My answer is leaning No, it would be more Dialogical Principle nature since The Lord's Supper is a covenantal meal that we see in covenantal worship, right? Also because it is exampled for us in Act 2:42 and in other New Testament passages... So it would not be regulative principle but more dialogical principle, correct?

2. Would it be wrong to baptize in salt water?

I think that he by asking this question might be trying to say something regarding wine in the Lord's Supper since I have discussed this with him.... I think he is alluding to since Grape Juice is from the fruit of the Vine, and Wine is also Fruit of the Vine and wine is only fermented grape juice then we should be allowed grape juice.... I am only reasoning here for this question... But Wine is not Grape Juice, it is a completely different beast, right? water is water but wine can not be called grape juice and grape juice wine. Right?

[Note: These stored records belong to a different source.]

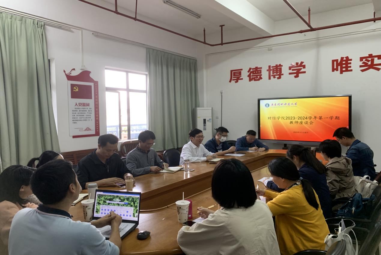 11月30日下午,taptap点点体育召开2023-2024学年第一学期教师座谈会,认真听取教师们对本学期教学工作的感想、意见与建议,进一步发挥“以评促建”的积极作用,推动教育教学高质量发展,以培养高素质财经人才为己任,以崭新的风貌迎接教育部教育教学评估。参加会议的有党委书记吴松、教学副院长刘国庆、系主任、专业负责人和各系教师代表。
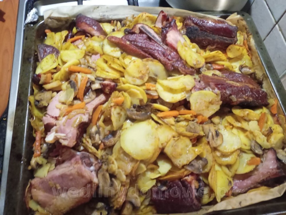 Na niedzielny obiad zrobiliśmy zapiekankę z tego go widać na zdjęciach. Wyszedł fajny bukiet smaku. Użyliśmy gotowych mieszanek przypraw do ziemniaków i żeberek
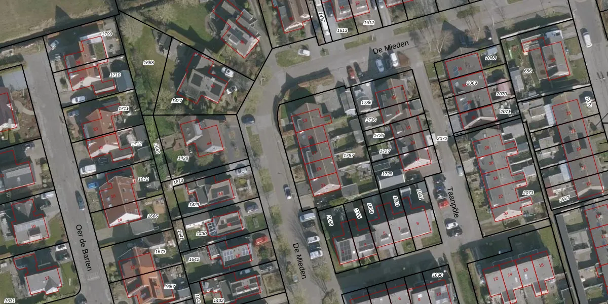 Het perceel waarop De Mieden 17 staat heeft een oppervlakte van 960 m². Dit is een groot perceel. De perceeloppervlakte wordt geregistreerd door het Kadaster. Gedetailleerde informatie over de maten van dit perceel kunt u vinden in het rapport Kadastrale kaart met maatvoering van De Mieden 17.
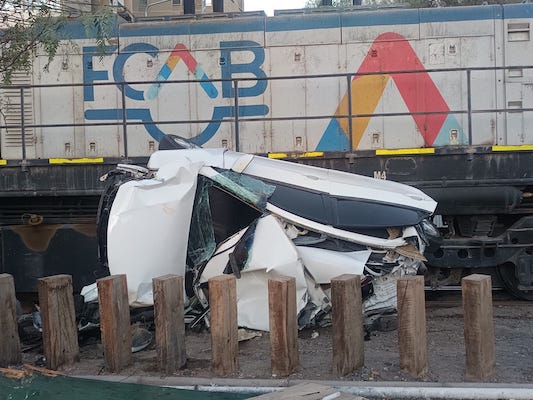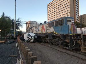 Un convoy de trenes de la empresa férrea FCB que transitaba de sur a norte colisionó con u. automóvil particular en la intersección de Balmaceda con Atacama, dejando a dos personas extranjeras con lesiones leves, pero destrozando completamente el pequeño vehículo de color blanco.
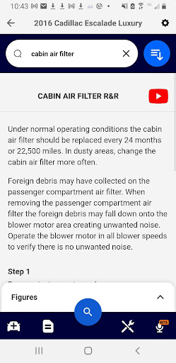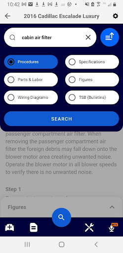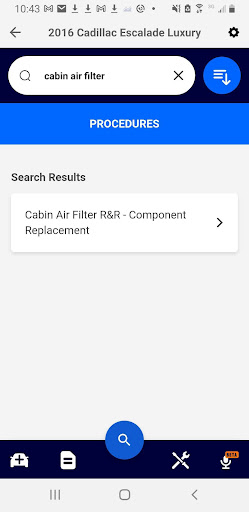 Component Locations: Search the location of a component that you need to replace, such as the location of a Cabin Air Filter, quickly and easily right at the vehicle.

How would you respond to the question?

3. Are you saying the RP is only applied to elements of worship and nothing else?

I am thinking yes, elements and forms of the elements.... Any thoughts......


Any help would be grateful...... Any thoughts?


----------



## JAW (Sep 20, 2007)

I've been lurking a while, so I'll surface for now and share my own thoughts.

If we are taking Acts 2:42 into account, it's probably good to bring up Acts 20:7. In the ESV, "On the first day of the week, when we were gathered together to break bread, Paul talked with them, intending to depart on the next day, and he prolonged his speech until midnight."

This establishes sure connection between the Lord's Supper and the Sunday observance. Of course, it doesn't go so far as to connect the Lord's Supper with *every* Sunday, but that seems to be the post-NT witness from Justin Martyr.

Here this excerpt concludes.